Shine a light and say thank you to nurses everywhere
Nursing leaders are asking the public to ‘shine a light’ to mark International Nurses Day today (Tuesday, May 12) and recognise the extraordinary work that their colleagues are doing in the fight against coronavirus.
The day also marks on the 200th anniversary of the birth of Florence Nightingale, who founded modern nursing and pioneered infection control and 2020 has been made International Year of the Nurse to mark the bicentenary of her birth.
Siobhan Heafield, chief nurse for the midlands, has joined other senior nursing leaders in urging people to shine a light from their window at 8.30pm tonight to mark the day and show their appreciation for all that nurses are doing to save and rebuild the lives of patients with coronavirus.
Siobhan said: “Thank you to the nurses, midwifes and heath visitors who work hard for the patients across our region each and every day.
"Nightingale is most often remembered as ‘the lady with the lamp’ and for her role during the Crimean War.
“In 2020, we find ourselves in the midst of a war against a virus that has caused a global pandemic and will have a lasting influence on nursing."There are many similarities to reflect on, not least the setting up at great speed of Nightingale hospitals across the country to provide additional capacity and support to NHS hospitals."
Thousands of former nurses have returned to help the NHS with the greatest health emergency in its history and thousands more students have done their bit in the battle against Covid-19 through choosing to take up extended clinical placements.

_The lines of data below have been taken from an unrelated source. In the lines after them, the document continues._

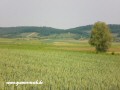 Der Weinberg befindet sich hinter dem kleinen Ort Krassolzheim, einer Gemeinde die zu Sugenheim gehört, mitten im Naturpark Steigerwald. Man kann den Weinberg bereits aus einiger Entfernung sehen. Am besten man fährt durch Krassolzheim durch und parkt dann am Ende des Ortes auf der rechten Seite auf einem kleinen Wanderparkplatz. Von dort läuft man rechter Hand einfach nur noch auf den Weinberg drauf zu (Bild 2). Ich hatte wirklich Glück mit dem Wetter, denn der Weinberg wurde herrlich von der Sonne angestrahlt und wirkte unglaublich romantisch. Ich habe mich langsam drauf zu bewegt und dabei von den verschiedensten Positionen den Berg und das Haus fotografiert. Auf dem Weg habe ich dann ein paar Weinbauern getroffen, die vom Berg kamen und habe sie gefragt, ob ich mal bis zum Haus hoch darf und ein paar Fotos machen könnte. Glücklich über die Erlaubnis erklomm ich den steilen Hang und kann dem Günter nur großen Respekt zollen, dass er das ohne größere Strapazen bewältigt hat, jedenfalls merkt man ihm in der Serie kaum etwas an. Als ich oben ankam, war ich fertig und Schweiß gebadet! Die Sonne brannte gegen 11 Uhr schon sehr heftig.
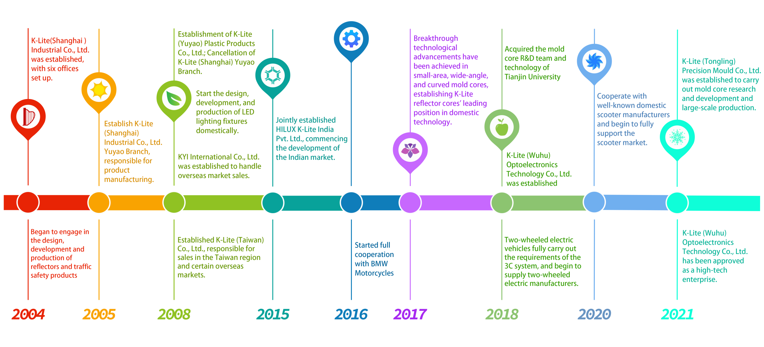 Founded in 2004, K-lite(Shanghai) Industrial Co., Ltd. is a diversified development company integrating the design, development and production of traffic safety reflective products, automotive LED lamps, recovery reflectors, automotive light guide strips and electroforming mold cores.
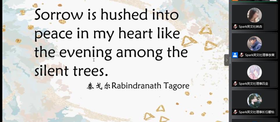 故事分享环节较好地调动了会员的参与热情,多位会员勇敢开麦,用英语进行表达与交流。游戏环节增强了社团会员间的互动性与社团凝聚力。本次活动为社团后续活动开展提供良好范例,同时也促进Spark英文社在特殊时期的转型发展。
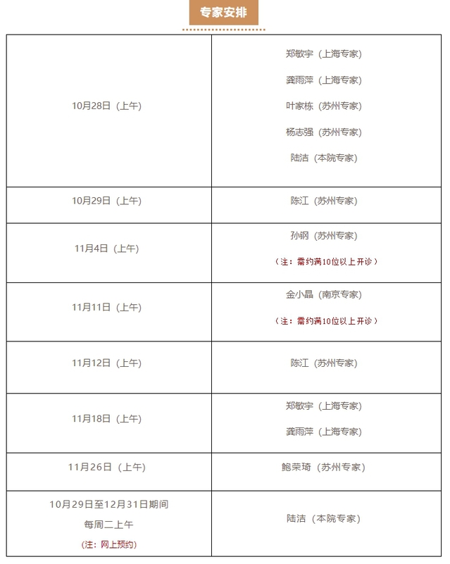 10月28日在门诊四楼特需门诊10月29日、11月4日、11月11日、11月12日、11月18日、11月26日在门诊四楼中医科门诊6、7号诊室
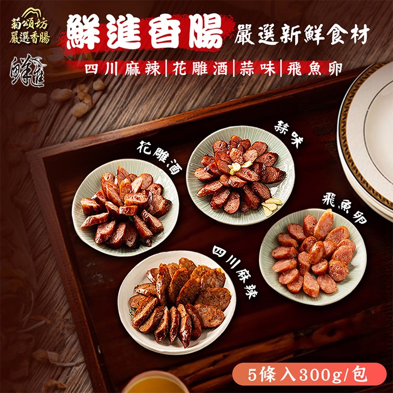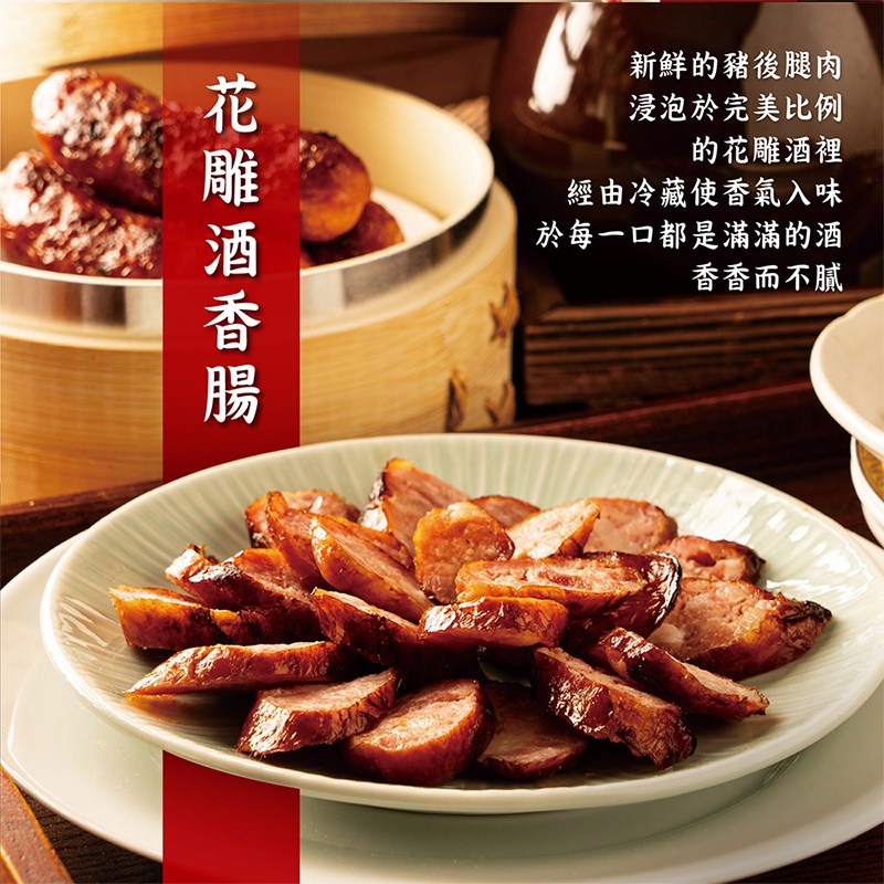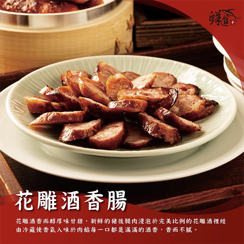 鮮進香腸嚴選上等豬肉,以經典花雕酒入味,細火慢工調製。花雕酒香氣幽雅,酒香滲入肉質纖維,讓香腸入口後,先是濃郁酒香挑動味蕾,隨之而來的是豐潤肉汁與甘醇尾韻。
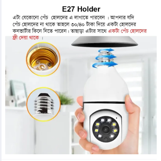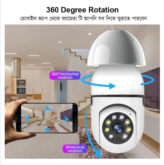 Secure your home, office, or shop with the V380 PRO Q16 Bulb IP Camera. Featuring 2MP Full HD resolution, 360-degree rotation, two-way audio, and smart motion detection, this all-in-one wireless surveillance solution is designed for easy installation and remote monitoring.
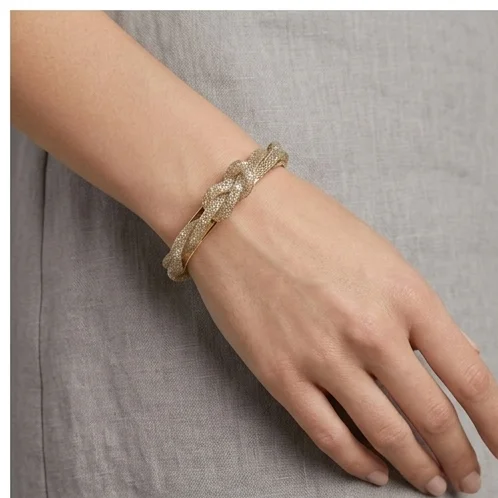 Detailed with a woven mesh infinity knot centerpiece. This 100% waterproof and never-tarnish piece offers a sophisticated, textured look for daily wear.

One of those returning to the profession is award-winning comedian and performance poet Rob Gee, who has decided to return to psychiatric nursing during the coronavirus outbreak.
As a performer, Rob has clocked up more than 3,000 shows and has won awards at several comedy festivals, including Calgary, Ottawa, Winnipeg and Saskatoon in Canada.
But he has now put comedy on hold and returned to Leicestershire Partnership Trust where he is supporting the eating disorders service.
He said: “I could not just sit here whilst a crisis is going on.
“I have the skills and registration to get back into work and I wanted to help.
“Being back on the wards after such a long break feels a bit like being a newly qualified nurse again.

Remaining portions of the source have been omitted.